Reproduce each line of the material exactly, minus any picture.

Segment Start: Raw data

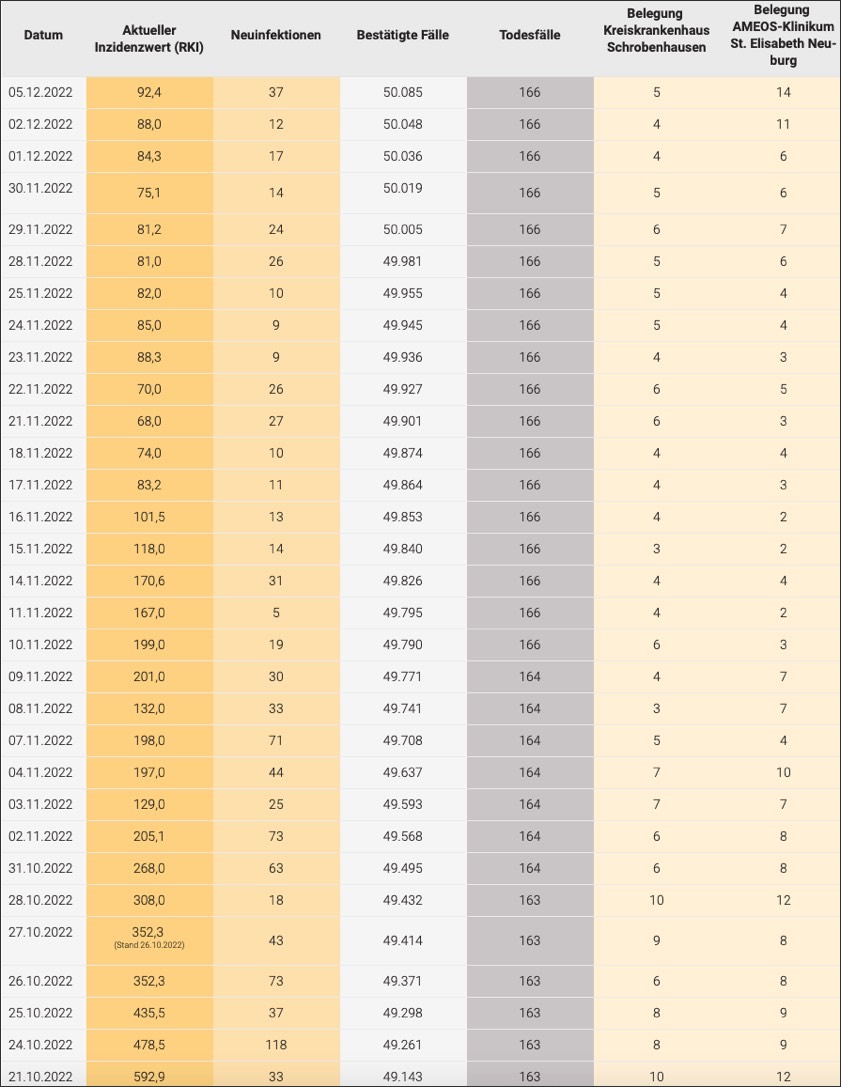Der Wert der Sieben-Tage-Inzidenz – also die Zahl der registrierten Corona-Neuinfektionen binnen einer Woche pro 100 000 Einwohner – beträgt für den Kreis Neuburg-Schrobenhausen laut jüngsten Angaben des Robert-Koch-Instituts (RKI) 92,4 (Stand: heute). Zur Einordnung: Am Freitag hatte der Wert bei 88,0 gelegen, am Donnerstag bei 84,3, am Mittwoch bei 75,1, am Dienstag bei 81,2, am vergangenen Montag bei 81,0 (siehe auch Tabelle unten). Dazu sollte man laut Landratsamt beachten: "Das Landesamt für Gesundheit und Lebensmittel-Sicherheit (LGL) übermittelt die Daten/Fallzahlen nicht mehr am Wochenende und an den Feiertagen an das RKI, sondern am folgenden Arbeitstag."
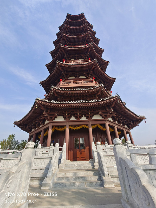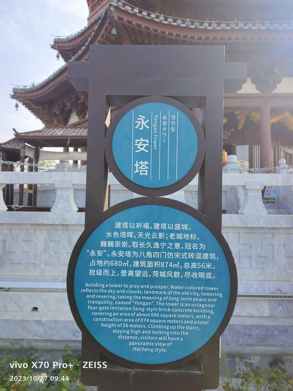 曹州古城是开放性景区,不收门票,我们先去了关帝庙,然后登上永安塔塔楼,塔楼需要购买门票。永安塔坐落于青年湖西南侧,塔身为七层八角门楼阁式砖混建筑,占地面积约680平米,建筑面积874平方米,总高56米(含基座),每层均有围绕环廊,拾级而上,登高望远,菏城风貌,尽收眼底。塔内有许多陈列可供观赏。
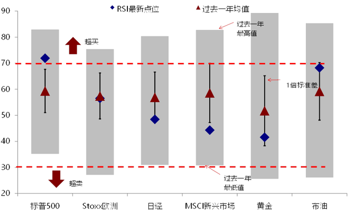 过去一周,美股RSI点位抬升,已超买,欧洲。日本、新兴股市RSI点位回落;油价超买缓解
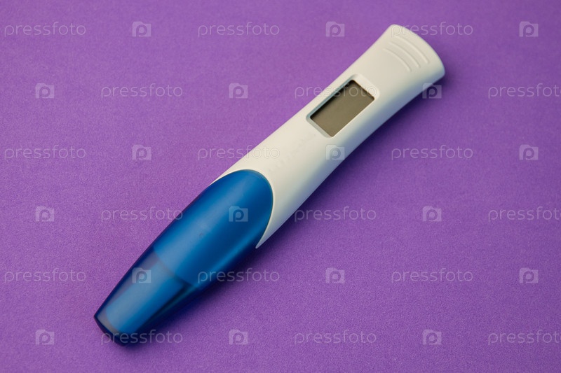 Синий и белый цифровой тест на беременность на фиолетовом фоне
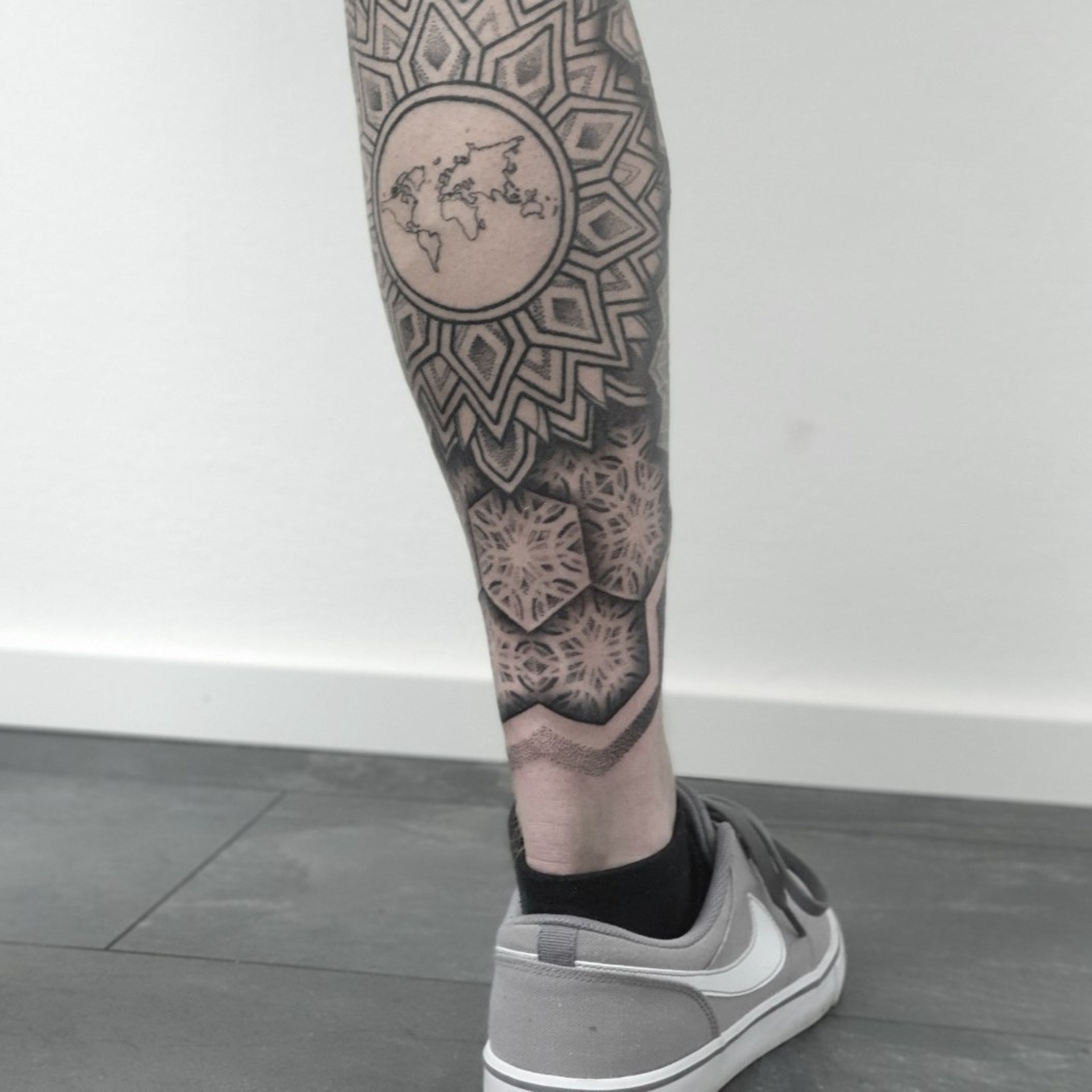 Full leg in progress. #wludarzdotworktattoo #dotworktattoo #dotwork #blackwork #herzbubetattoosupply #lithuanianirons #venomps2 #geometry #geometrictattoo #marchtrenk #mandalatattoo #ornamentaltattoo #ornament #dots #believatattoo #believa #geo
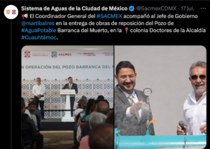 El Sistema de Aguas de la Ciudad de México (SACMEX), representado por su Coordinador General, Dr. Rafael Carmona Paredes, entregó los trabajos de sustitución del Pozo Barranca del Muerto en la colonia Doctores, alcaldía Cuauhtémoc. La obra, con una inversión de 17.6 millones de pesos, beneficiará a 26 mil habitantes.
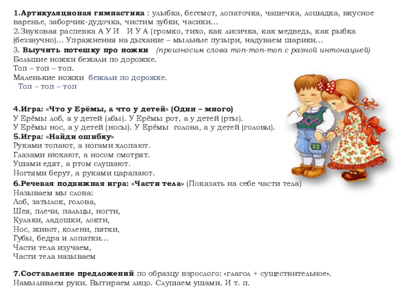 7.Составление предложений по образцу взрослого: «глагол + существительное».

Segment End: Raw data

» **Task result**:
Der Wert der Sieben-Tage-Inzidenz – also die Zahl der registrierten Corona-Neuinfektionen binnen einer Woche pro 100 000 Einwohner – beträgt für den Kreis Neuburg-Schrobenhausen laut jüngsten Angaben des Robert-Koch-Instituts (RKI) 92,4 (Stand: heute). Zur Einordnung: Am Freitag hatte der Wert bei 88,0 gelegen, am Donnerstag bei 84,3, am Mittwoch bei 75,1, am Dienstag bei 81,2, am vergangenen Montag bei 81,0 (siehe auch Tabelle unten). Dazu sollte man laut Landratsamt beachten: "Das Landesamt für Gesundheit und Lebensmittel-Sicherheit (LGL) übermittelt die Daten/Fallzahlen nicht mehr am Wochenende und an den Feiertagen an das RKI, sondern am folgenden Arbeitstag."
 曹州古城是开放性景区,不收门票,我们先去了关帝庙,然后登上永安塔塔楼,塔楼需要购买门票。永安塔坐落于青年湖西南侧,塔身为七层八角门楼阁式砖混建筑,占地面积约680平米,建筑面积874平方米,总高56米(含基座),每层均有围绕环廊,拾级而上,登高望远,菏城风貌,尽收眼底。塔内有许多陈列可供观赏。
 过去一周,美股RSI点位抬升,已超买,欧洲。日本、新兴股市RSI点位回落;油价超买缓解
 Синий и белый цифровой тест на беременность на фиолетовом фоне
 Full leg in progress. #wludarzdotworktattoo #dotworktattoo #dotwork #blackwork #herzbubetattoosupply #lithuanianirons #venomps2 #geometry #geometrictattoo #marchtrenk #mandalatattoo #ornamentaltattoo #ornament #dots #believatattoo #believa #geo
 El Sistema de Aguas de la Ciudad de México (SACMEX), representado por su Coordinador General, Dr. Rafael Carmona Paredes, entregó los trabajos de sustitución del Pozo Barranca del Muerto en la colonia Doctores, alcaldía Cuauhtémoc. La obra, con una inversión de 17.6 millones de pesos, beneficiará a 26 mil habitantes.
 7.Составление предложений по образцу взрослого: «глагол + существительное».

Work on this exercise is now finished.